Other powerful interests opposed to the future are large publishers, governments, advertisers and all others want to tell you what to think. Free speech is not what these folks want. They want broadcast and money. If you don't consider propaganda and money equivalents, consider what a green piece of paper is really worth.
DMCA, Hollings, Palladium. What might have sounded like paranoia is now common sense.
That's a pretty amusing article, but he has it easy. My own curse is with race car drivers... as soon as I start rooting for them, a freak accident is sure to follow.
I submitted an order with an ISP for DSL service 8 months ago and nothing came of it until one day a couple of techs from a business network provider came by my house and said, "Here's your IDSL router." After a quick hookup and entering the DNS variables provided by the ISP's homepage, I was on the Internet @ 144k both ways. I called the ISP and asked what I should do about payment and their response was, "Ummm... we cancelled your order so you're not in our computer." I called the busines network provider and they said, "Talk to your ISP." So I called the ISP a few more times and then they went bankrupt. Their DNS died, and so did my Internet access, for the 2 minutes it took for me to enter a DNS for a nearby college that now resolves all my queries. So the ISP no longer exists and I can't pay them, and the business internet provider that is my first hop says they don't do residential accounts so they won't take my money. Meanwhile, I have a Lucent router I've never paid for, an install I've never paid for, and continuing IDSL service that I've yet to pay for going on 2 months now. I'm wondering that if this could last indefinitely, perhaps I can turn it over as a feature when I sell the property...
"3 bedrooms, 4 baths, 2 car garage, free Internet access for life..."
Note to the audience: Broadwing is a nasty spam haven, and the world will be a much better place once they'll be out of business.
Say no to software patents.
For the LECs (local exchange carriers like Verizon) that is. What you don't realize is that $30-$35 of your monthly $50-60 DSL fee you paid Northpoint, Rythms, or currently Covad went to the LECs. That's right, 50%+ goes to the Baby Bells because of their monopolies on the local loop. Get some competition on the local loop and the Baby Bells won't be able to squeeze out the profit margins from DSL providers.
"We're sorry, but the website you're trying to reach has been disconnected."
There is a good resource here that explains why all of these broadband providers are going out of business.
If he is choosing the best deal each time he finds a new provider, then naturally he is choosing the provider who, at that time, is cutting their margins the most.
Thus, each time he is choosing the one provider most likely to fail. Amusing, is it not?
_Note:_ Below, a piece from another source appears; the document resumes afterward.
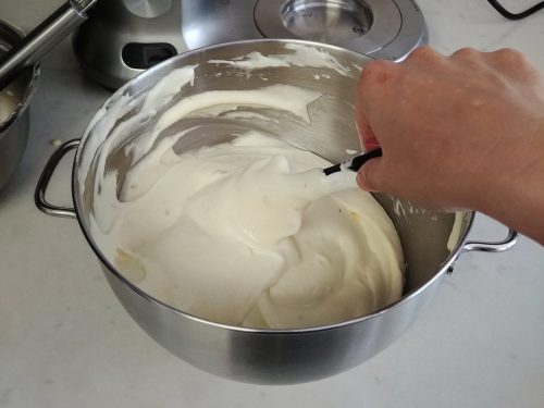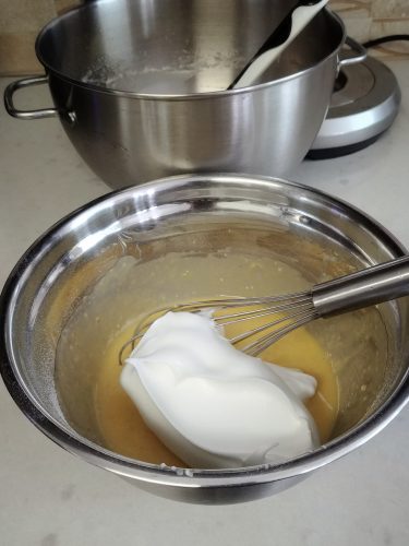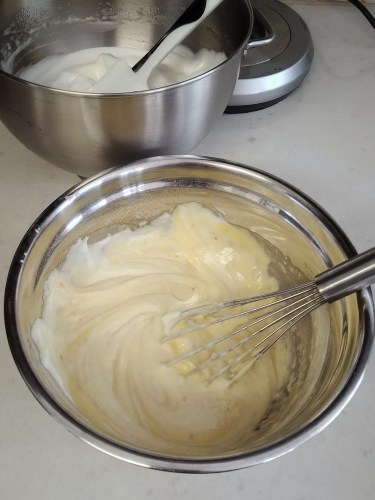 Scoop about one third of the meringue into the yolk batter and fold with a whisk to lighten. Then scrape this back into the bowl of meringue. Fold gently and thoroughly (so you don’t deflate the meringue) with a spatula until homogeneous.

Fuck local loops. The Bells will never open it up. IP laws will ease up around the same time this happens.
Let's treat internet infrastructure as infrastructure (aka roads) and have the govt lay the lines. We can fully fund this with the 70+ billion ca$h from the War on Terrorism. Remember, the Interstate highway system was built from Defense dollars during the Cold War, and that's why their symbol is a little shield. If bush can justify handing IBM a check for 1.3 billion in the name of homeland defense, then this should be a congressional walkover.
After that, let private ISP's bid to operate the lines (i.e. maintenance, routers, cacheing, etc.) and make money on service not bandwidth. Competing on the quality of service is more productive than getting into infrastructure wars -- suing who owes what to whom. You can then run your mail/web server and pay only the costs of administering your account, which should be billing you, electricity, and checking that no one cut the line to your house accidently. Shouldn't be too much. Those who want webmail and funky desktop icons which guide you through the internet search process can and should pay extra. Also, I think more people will sign up if there's a fiber optic line heading to just about every home in the major urban areas. As an extra plus, it'll give silicon valley a shot in the arm.
For those whom just can't stand the thought of govt. spending on public infrastructure, you can always just privatize the thing once the lines are laid and enough cutomers have signed up to make it profitable.
When in doubt, have a man come through a door with a gun in his hand.
I've seen more than enough people leave a otherwise technically competent ISP due to impossible service through their customer service department.
Surprising, this doesn't seem to be as big an issue with the dialup ISPs.
If you are *are* going to set up an ISP, get the bookkeeping down first before you buy any of the connectivity equipment. Getting technical help to your customers first is a priority, but knowning whom your customers are is more important than that!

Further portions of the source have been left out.